CAPÍTULO UNO
Hace algunos días, en un pequeño pueblo, un hombre caminaba tranquilamente. Observaba todo a su alrededor: las ramas de los árboles movidas por el viento, las aves jugando de perseguirse y cantando con la alegría particular que tienen las aves pequeñas. El hombre, como un niño, se asombraba tras cada paso que daba, sus brazos se abrían con fuerza como queriendo atrapar el cielo, sus ojos miraban inquietos todos los hermosos colores que daban vida a su alrededor, pero había algo en su corazón que lo inquietaba profundamente y cada vez que lo recordaba cambiaba su rostro por uno triste y sin alegría.
A cada paso que daba, pensaba en ella, en una linda princesa que tantas veces había soñado, pero que siempre parecía desaparecer tras cada sueño y con él, desaparecía también su rostro, le era imposible recordarlo, por más esfuerzos que hacía no era capaz de ver la imagen de la hermosa princesa que le robaba sus pensamientos.
Aquel hombre, empezó a sentirse cansado de intentar recordar sin éxito cómo era la princesa, se sintió más triste que antes, buscó un árbol muy grande en el cual poder recostarse, se quitó el viejo salveque color naranja que llevaba siempre consigo colgado de la espalda y en cual había dos cosas: un buen libro y un delicioso paquete de galletas de chocolate. Al estar sentado sobre el zacate, empezó a acariciarlo con sus dedos, hasta que sintió que se estaba llenando de tierra. Con la brisa acariciándole el rostro empezó a sentir que sus ojos se iban cerrando poco a poco, hasta que de un momento a otro, el triste hombre se durmió.
Estirando sus brazos y bostezando con fuerza se restregó los ojos e intentó levantarse. Aún estaba medio dormido y creyó que seguía soñando. Todo a su alrededor se veía distinto de como estaba hace un rato. El zacate parecía ser de un color morado claro, era como un jardín gigantesco, se podía ver flores de todos los colores y junto a ellas un montón de mesitas diminutas con tres sillas cada una. Las mesas estaban hechas con las hojas de una vieja planta que alardeaba de ser la más vieja del lugar.
-Yo soy la más vieja de todas las plantas del mundo - decía ella.
Cada vez que abría su boca para decir exactamente las mismas palabras, las plantas más jóvenes y con hojitas tiernas quedaban asombradas y deseaban ser como la abuela, porque así la llamaban, además, según rumores de las mariposas amarillas, Abu, tenía más cien años.

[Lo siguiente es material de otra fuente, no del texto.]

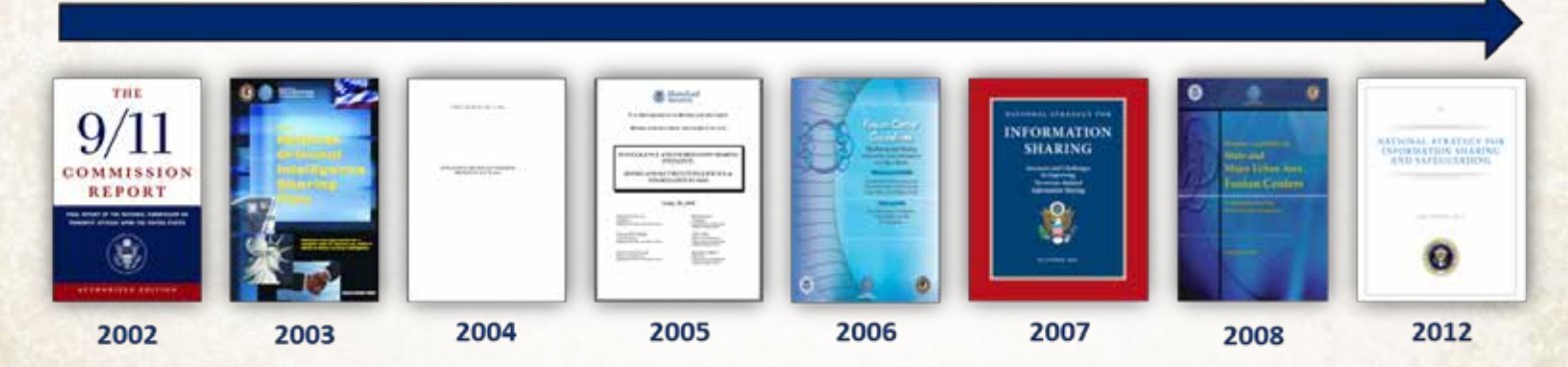
Figure 2: Foundation of Fusion Centers

To accurately define the National Network and articulate its role in national security, it is important to understand its evolution. The foundational elements of the National Network, notably that of information sharing, are first traced back to The 9/11 Commission Report , which proposed that "information be shared horizontally, across new networks that transcend individual agencies," and the 2003 National Criminal Intelligence Sharing Plan (NCISP). The NCISP serves as the blueprint to improve the sharing of information and criminal intelligence nationally. The focus on information sharing and incorporating state, local, and tribal entities was then further addressed in the 2004 Intelligence Reform and Terrorism Prevention Act (IRTPA). The IRTPA called for the creation of the Information Sharing Environment (ISE) and, for the purposes of the National Network, the specification that the ISE will provide and facilitate "the means for sharing terrorism information among all appropriate Federal, State, local, and tribal entities, and the private sector through the use of policy guidelines and technologies." <sup>13</sup>
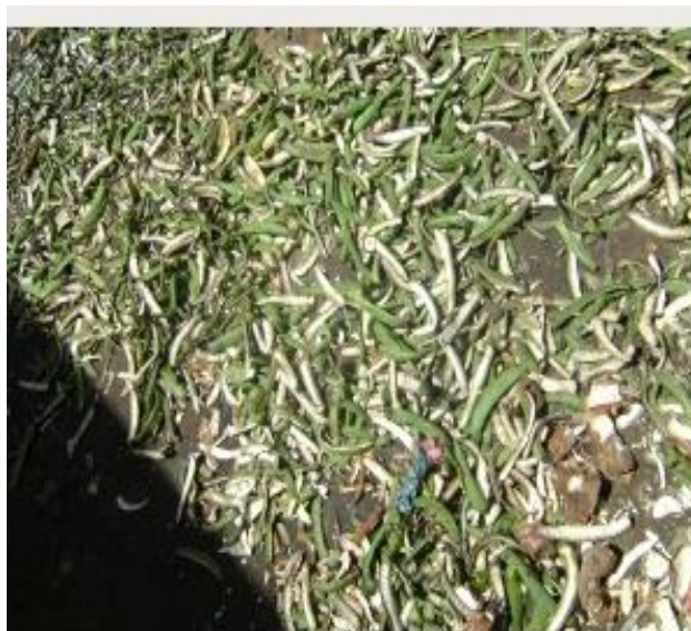
Figure 3.2: Sun dried household waste.

Household wastes are dried by solar ray to reduce its moisture content and it takes about two to three days for those wastes to be dried, the experiment was 10kgs of fresh wastes and it gives around 6 Kgs of dry wastes.
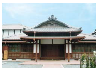
8 Villa of Hirobumi Ito

Hirobumi Ito lived here between 1854 and 1868 until he became the prefectural governor of Hyogo. Here, Hirobumi Ito grew as a student of Shoin Yoshida.
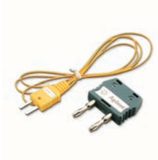
U1186A K-type thermocouple and adapter
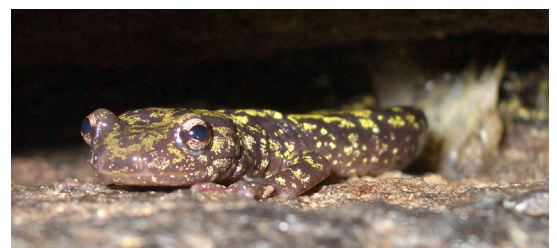
Green salamander
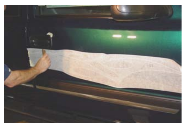
8. Squeegee the remaining half of the panel onto the vehicle using the same method as outlined in Step 6.
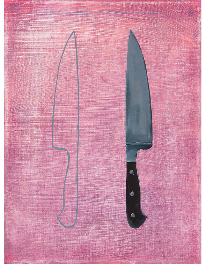
Unfair Fight , 2019, oil on linen, 16 x 12 in.
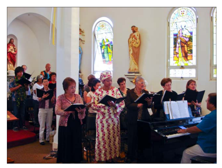
St. Joseph Choir leads the parishioners in song at Mass.
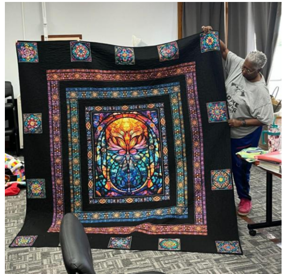
The Medallion Quilt
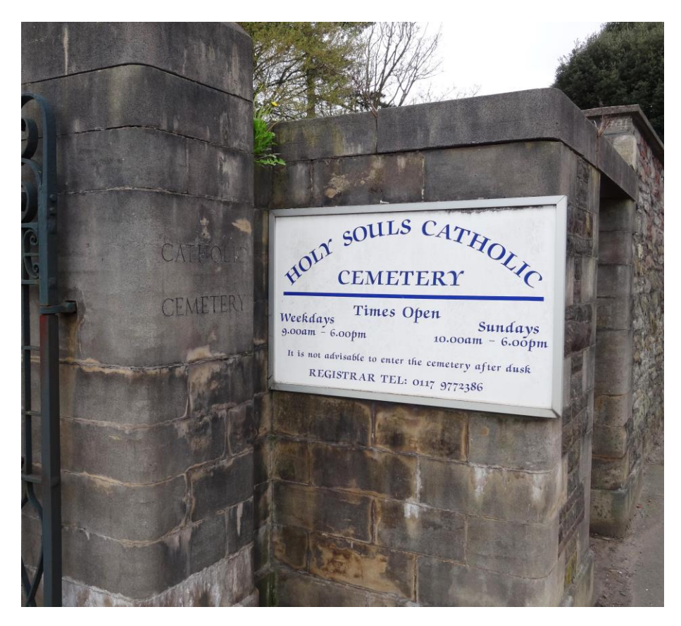
Holy Souls Roman Catholic Cemetery
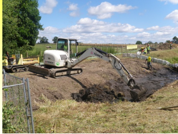
Channel excavation between Bridges 84 and 85. The current project is about 800 m but will extend navigation by 2 km. A grant from the HLF means that this project is already fully funded.
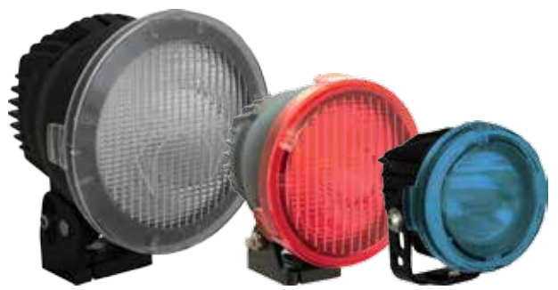
PCV-6500WF, PCV-CP1RWF, PCV-OPR1BEL Shown Light(s) Not Included
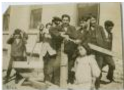
Children at the Brandon Indian School (13d-c5711-d20)
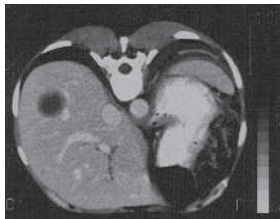
Fig 2. CT scans showing a heterogenous lesion in Rt lobe of liver suggesting metastasis

Duration of symptoms can be variable in fallopian tube carcinoma. It could be from 2 months to as long as 48 months; 50% of patients had symptoms and 6% did not. 2 Our case too had a duration of symptoms for 2 months although they were not specific to fallopian
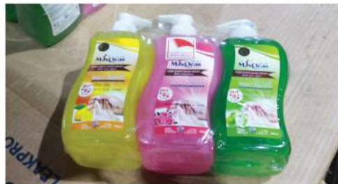
EFFICIENT PACKAGING EXECUTION
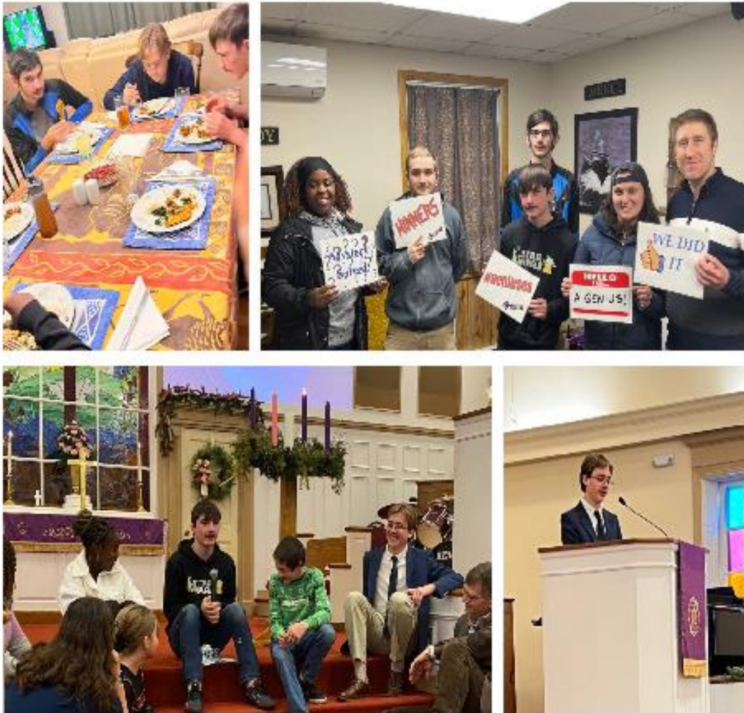
Learning about Zimbabwean culture through food and conversations, Leading worship Service, and having fun at the Escape Room!

El hombre tomó su salveque color naranja y lo colgó de su espalda. Empezó a caminar por un sendero de piedras rojas que se abría paso en medio del colorido zacate. No dejaba de sentirse admirado por todo lo que veía: las plantas, las mariposas, los árboles, el viento; pero el viento era muy distinto del que el hombre conocía, este viento tenía la particularidad de perfumar todo lo que tocara, así, cuando la ráfaga le rozó sus mejillas, estas quedaron perfumadas con un aroma delicioso; cerró sus ojos, respiró profundo, sintió que su corazón se iba acelerando rápidamente, un poco de miedo le abrazaba y le helaba los huesos, volvió a respirar con fuerza, tomó valor y abrió sus ojos. El sendero de piedras rojas se iba desvaneciendo hasta entrar en una cueva muy pequeña. El hombre tuvo que inclinarse un poco para no irse a golpear su cabeza, que por cosas del destino ya no tenía cabellos. Al pasar el umbral de la cueva, caminó unos diez pasos, fue entonces cuando se encontró con una gran puerta de madera que tenía la forma de un gigante caparazón de tortuga. No veía ninguna cerradura ni tampoco podía verse alguna llave para abrir la puerta. Empezó a buscar por todos los rincones de la cueva, estaba muy oscura. Buscó en su salveque para ver si tenía algo que pudiera servirle para dar un poco de claridad a aquel lugar. No había nada más que las galletas de chocolate y el libro. No supo por qué, pero su instinto le dijo que tomara el libro y lo abriera. Así lo hizo. Fue muy extraño ver cómo de en medio de las páginas saliera reflejada una luz brillante que de forma misteriosa solo iluminaba la puerta de madera en forma de caparazón de tortuga. La luz era amarilla, con ella sobre la puerta pudo apreciar unas letras inscritas en la madera. El hombre se acercó, sacó los lentes de la bolsa izquierda de su pantalón, se acercó un poco más y leyó estas palabras:
"Pronto encontrarás una gran biblioteca, no busques las letras, solo confía en las flores y hallarás a la Princesa"
Aquellas palabras quedaron grabadas en la mente y el corazón de aquel hombre y en su rostro una sonrisa sincera se dibujaba porque estaba más cerca de conocer a la princesa que se había adueñado de su corazón.